Como é feito o tratamento da Malária

O tratamento da malária é feito com medicamentos antimaláricos que são gratuitos e fornecidos pelo SUS (Sistema Único de Saúde). O tratamento tem o objetivo de impedir o desenvolvimento do parasita e a dose pode variar de acordo com a gravidade da doença, espécie do parasita e idade e peso do paciente.

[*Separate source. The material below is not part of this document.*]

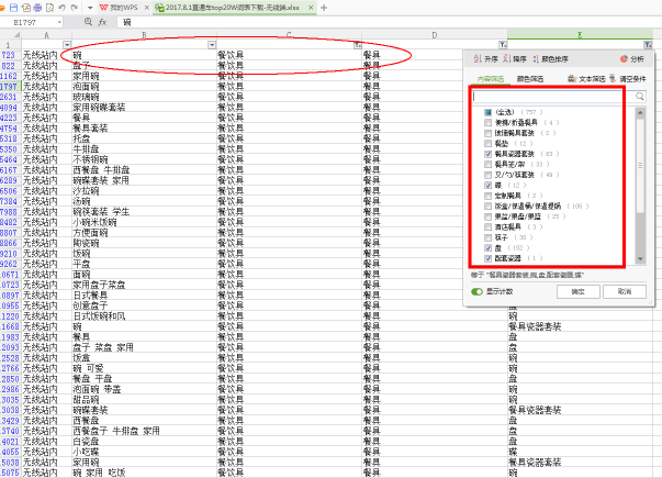 当然还一个方法就是利用提高质量分来降低平均点击花费,但是我们能控制的是它的相关性和创意质量。相关性我之前写过图文怎么去解决相关性的问题,无非是查看宝贝类目和关键词是否是相符的,当然我们用宝贝推词的时候就能看到相关性,选相关性高的词去添加是最好的,如果觉得词不够,可以去下载top20W词表,我们点击筛选按钮。选择自己宝贝本身的一级类目和二级类目再选符合的关键词。再添加会相关性方面很高,质量分不会太低。

A malária é uma doença infecciosa causada pela picada do mosquito Anopheles fêmea, que pode conter 4 espécies diferentes de parasitas: Plasmodium vivax, Plasmodium ovale, Plasmodium malariae e o Plasmodium falciparum, que é o responsável pela malária grave e complicada. Conheça mais sobre a malária.

Quando o tratamento é feito rapidamente, e de forma correta, a malária tem cura. No entanto, quando o tratamento não é instituído imediatamente, a pessoa pode desenvolver malária grave e complicada, principalmente se tiver sido picado pelo mosquito que transmite o Plasmodium falciparum, podendo ter complicações graves como danos no fígado, rins e cérebro ou até morrer.

Como é feito o tratamento da Malária

Principais remédios para malária

O tratamento da malária pode ser feito com medicamentos antimaláricos que dependem da idade da pessoa, da severidade dos sintomas e do tipo de parasita que causou a malária. Assim, os medicamentos indicados podem ser:

Para malária causada por Plasmodium vivax ou Plasmodium ovale:

  • Cloroquina durante 3 dias + Primaquina durante 7 ou 14 dias;
  • Em gestantes e crianças com idade inferior a 6 meses - Cloroquina durante 3 dias.

Para malária causada por Plasmodium malariae:

  • Cloroquina durante 3 dias.

Para malária causada por Plasmodium falciparum:

  • Artemeter + Lumefantrina durante 3 dias + Primaquina em dose única;
  • Artesunato + Mefloquina durante 3 dias + Primaquina em dose única;
  • Quinina durante 3 dias + Doxiciclina durante 5 dias + Primaquina no 6º dia;
  • Em gestantes no primeiro trimestre e crianças com menos de 6 meses - Quinina + Clindamicina;
  • Em gestantes no segundo e terceiro trimestres - Artemeter + Lumefantrina ou Artesunato + Mefloquina.

Os medicamentos antimaláricos devem ser tomados de uma só vez durante uma refeição e a sua dose varia conforme a idade e o peso do paciente, por isso, só o médico ou o pediatra poderão confirmar qual a dose certa do medicamento para cada pessoa.

O paciente deve tomar os medicamentos antimaláricos durante todos os dias que o médico prescreveu, mesmo que os sintomas comecem a desaparecer antes da data indicada pelo médico para evitar o agravamento da malária.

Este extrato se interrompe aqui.